The effect of treatment group on the resistome as shown as by nMDS at each sampling week. Significance of treatment group was evaluated by PERMANOVA at each time point and the described variance of treatment status is represented by the R2-value and corresponding p-value

Fig. 5
figure 5

The effect of treatment group on the enteric microbiome as shown as by nMDS at each sampling week. Significance of treatment group was evaluated by PERMANOVA at each time point and the described variance of treatment status is represented by the R2-value and corresponding p-value

The microbiome is less affected by antibiotics than the resistome

Having determined the temporal dynamics of resistome transfer, we next hypothesized that a similar effect was present in the taxonomic composition of the enteric microbiome. To address this, we performed 16 S rRNA gene sequencing on the same set of samples and subjected this metataxonomic data to the same multivariate analysis as we did with the ARG-data. First, we observed a large and expected effect of time on the microbiome at 21.7% of explained variance across all samples. In contrast to the resistome, however, only 0.73% of the variance could be attributed to treatment group, although a more substantial and significant effect was observed from the interaction of group and time (R2 = 2.18%, p = 1.5 × 10− 5). Given this interactive effect, we again analysed the metataxonomic data within individual weeks, but observed little effect on the composition of microbiome as a function of treatment group.

Since multivariate analysis failed to show any difference between the microbiomes of Mix-treated and Mix-untreated, we instead investigated whether or not any individual genera might be differentially abundant between these groups. Only a single genus, the Prevotellaceae NK3B31 group, was systematically increased in abundance in the Mix-treated group, highlighting that the microbiome between groups Mix-treated and Mix-untreated was indeed very similar.

Discussion

In this study, we investigated the transfer of ARGs and bacteria between antibiotic treated pigs and their untreated pen mates. Our results clearly suggest that such transfer occurs and that physical separation is needed to avoid transfer of resistant bacteria and/or resistance genes to untreated pigs.

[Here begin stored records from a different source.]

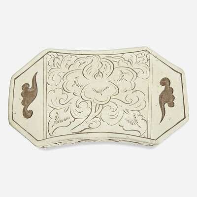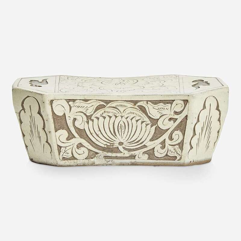 Of slightly curved octagonal ingot-form, carved through the creamy-white slip in low relief to reveal the darker grey-brown body; the top with peony spray and stylized clouds, the sides with stylized floral and foliate motifs, underside unglazed.
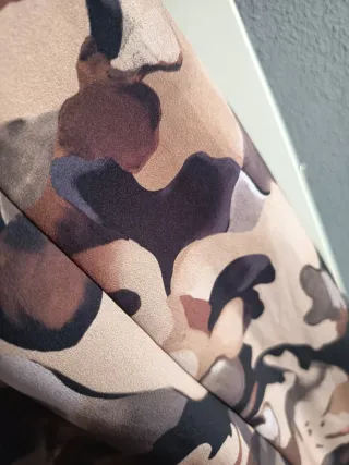 Vestido con estampado de cebra en tonos beige y negro. - Diseño de manga 3/4 - Corte recto. 80 cm largo, 40 cm sisa y 45 cm cadera
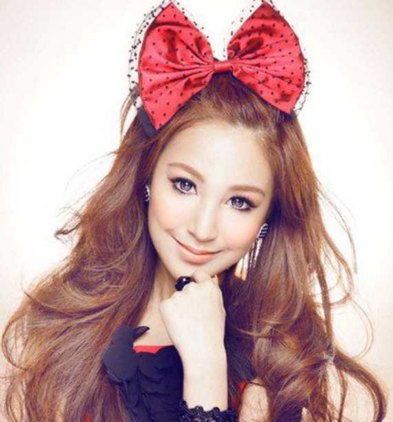 今年最流行的一款韩式中长烫卷发,大片的卷发发型,配上一个夸张而可爱的发饰装扮下,精美的大地色妆容作完美点缀,显然是甜美、清新十足呀!
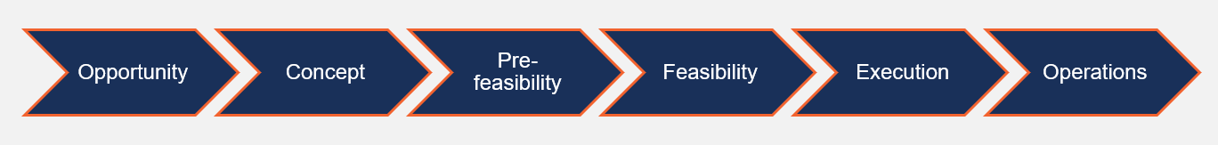 Most asset-related projects are managed through a stage-gate process, with typical stages listed in the infographic below.
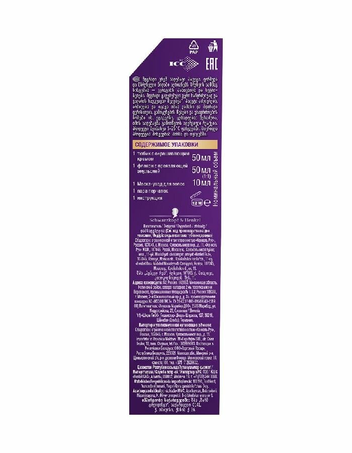 | Отзыв: | В состав краски входит тюбик с самой крем-краской, проявляющая эмульсия, перчатки, маска для ухода за волосами после окрашивания и инструкция.

Our observations are in line with previous studies, which have also found an increase in ARGs after in-feed antibiotic treatment [19], and especially noteworthy is how the temporal dynamics have been found by others: Ghanbari et al. used shotgun sequencing to show an increase followed by a decrease of resistance genes after orally administered oxytetracycline [9], an effect lasting at least 21 days which is well in agreement with our data (Fig. 2a) as well as our prior study [16]. Although intramuscular injection of antibiotics would appear to have little effect in the gut, it has been demonstrated that tetracycline injection results in prolonged concentrations in both plasma and faeces, detectable even after 14 days although initial concentrations in plasma were much higher than in faeces [20]. Intramuscular administration of tetracycline provides considerably higher plasma concentration and considerably lower intestinal concentrations of tetracycline than peroral administration although the bioavailability of different tetracyclines differ considerably. Therapeutic concentrations of tetracycline against enterotoxigenic E. coli cannot be expected after parenteral treatment, whereas a general effect on the intestinal microbiome and resistome is evident [24,25,26,27]. Moreover, another study has found that intramuscular administered oxytetracycline in the weaning unit resulted in an elevated number of ARGs measured 2 days after the end of a 5-day tetracycline treatment followed by a reduction at the end of weaning period [21]. Apart from the mere elevation of ARGs in treated animals, a key result was the transfer of a treated phenotype from treated to untreated animals when these were reared in the same pen. Apart from our recent analysis this phenomena in an industrial farm [16], quantitative assessments of such transfer in realistic models remain scarce. Recently, however, a study very similar to ours – although using cockroaches - did indeed confirm our fundamental conclusions, namely that a treated phenotype is actively transferred to an untreated one [28].

Interestingly, the Untreated group had a slight uptick in ARG-load in weeks 4 and 5, even though this group had not received any antibiotics nor been in physical contact with treated pigs (Fig. 2b). A potential explanation could be operator transfer or air-borne transfer of bacteria bound to dust particles as found in other studies [29, 30]. An important consideration from this data is also the general decrease in resistance as well as the apparent convergence of resistance load for all groups, suggesting that the load of ARGs in the final pork product is both low and independent of the treatment status of the animal.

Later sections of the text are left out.